15-year-old Greta Thunberg, a Swedish student, grabbed headlines this past week with her tough message for climate change negotiators at a United Nations climate summit in Poland.
"You are not mature enough to tell it like is," she said at a climate summit that ended on Sunday. "Even that burden you leave to us children."
Her remarks quickly gained attention on social media, and video of her speech was shared by leading climate scientists and officials. Vermont Sen. Bernie Sanders tweeted footage of her speech, saying she "called out world leaders for their global inaction on climate change."
The teenager spoke on behalf of Climate Justice Now, a global network of climate advocacy groups. Officials from nearly 200 countries gathered in Poland to set rules that will govern the Paris Agreement on climate change, which aims to limit global warming.
"You have ignored us in the past, and you will ignore us again," she told leaders. "You say you love your children above all else, and yet you are stealing their future in front of their very eyes."
While Thunberg is young, she's spent years working as a climate activist.

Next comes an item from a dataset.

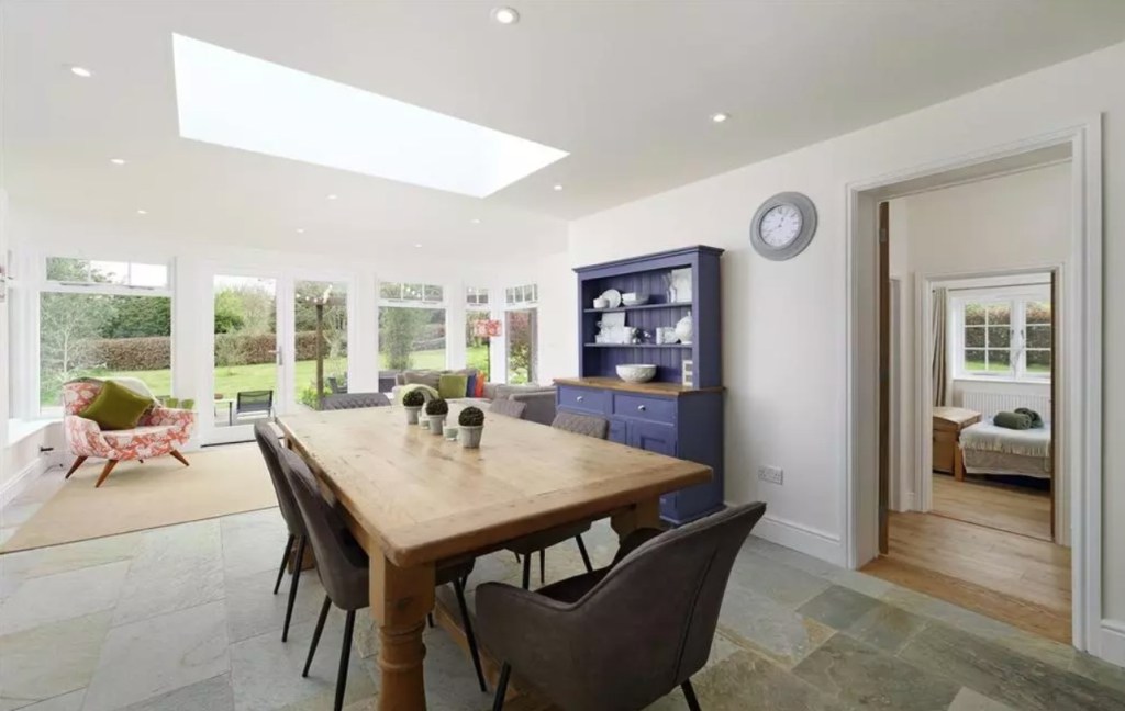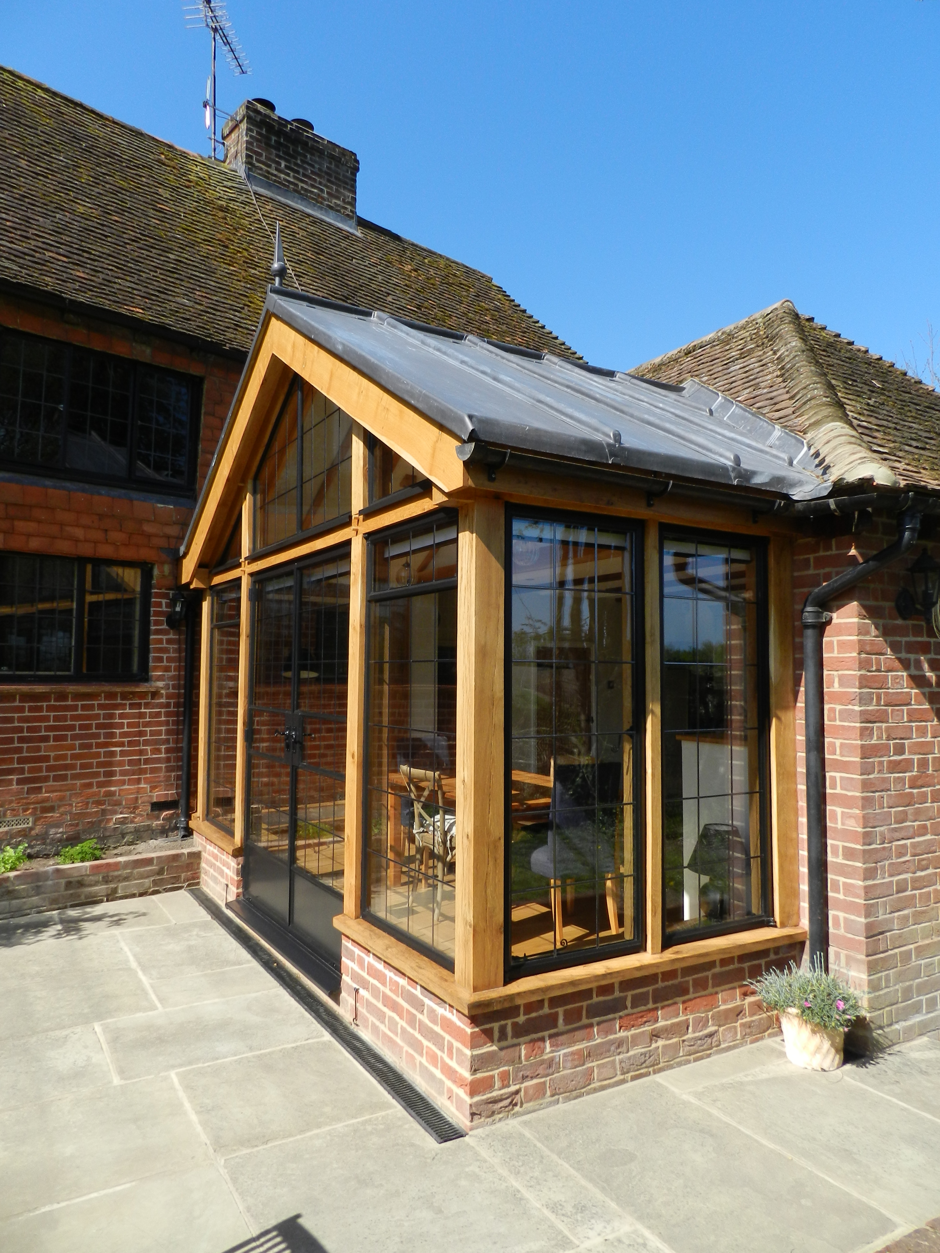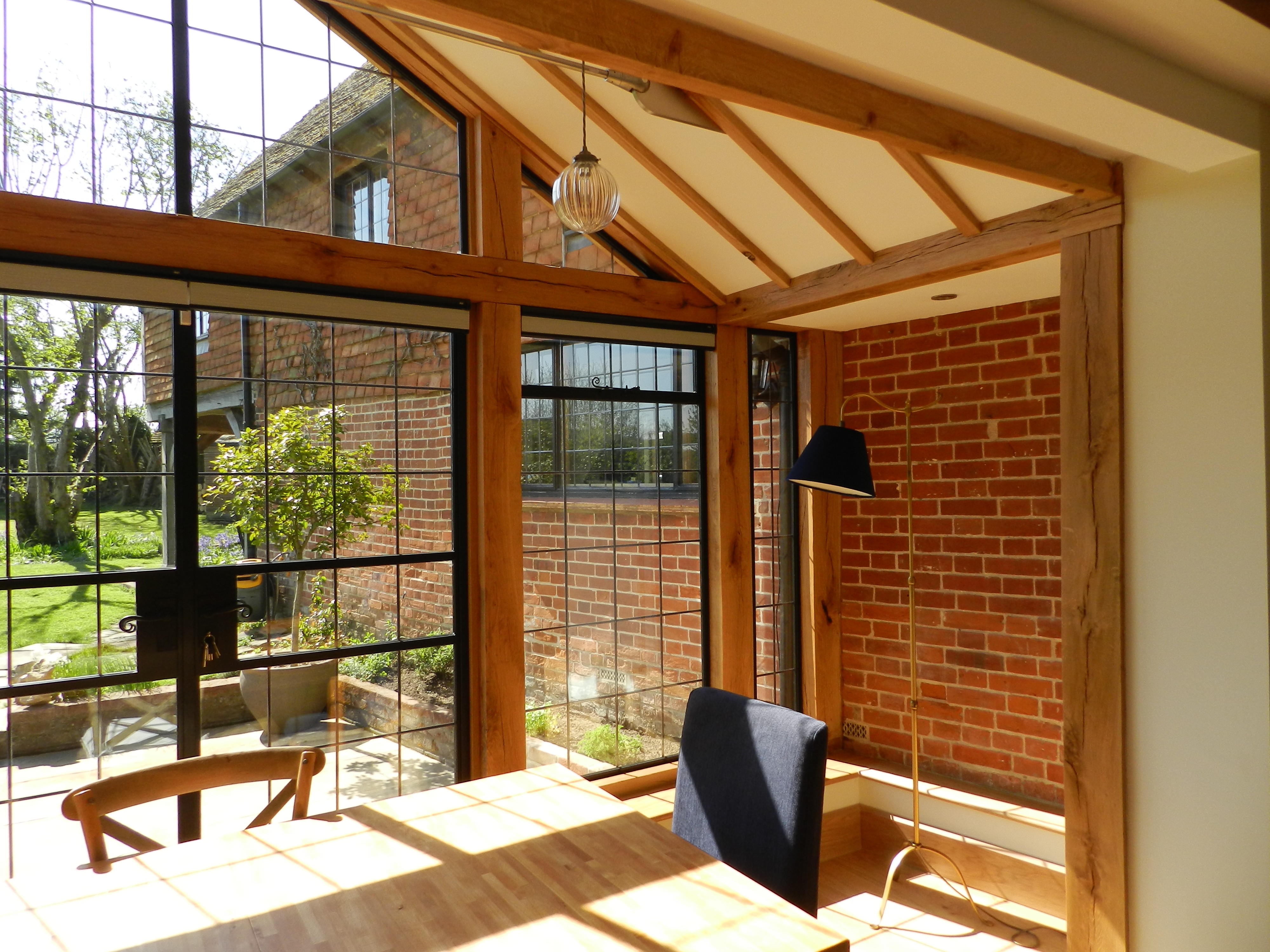 This small Oak frame extension to a Grade II Listed house transforms the Kitchen-Dining room, which now opens up to the garden and landscape beyond. Crittal-style windows and doors provide a touch of modern elegance, complimenting the traditional design.

Earlier this year she went on strike from school, holding a sign outside the Swedish parliament building in Stockholm that read, "school strike for climate." Thunberg, who describes herself on Twitter as a 15-year-old climate activist with Asperger's, said she was inspired by the school walkouts in the United States that followed the Parkland school shooting.
"We have done this many times before and with so little results," she told CNN. "Something big needs to happen. People need to realize our political leaders have failed us. And we need to take action into our own hands."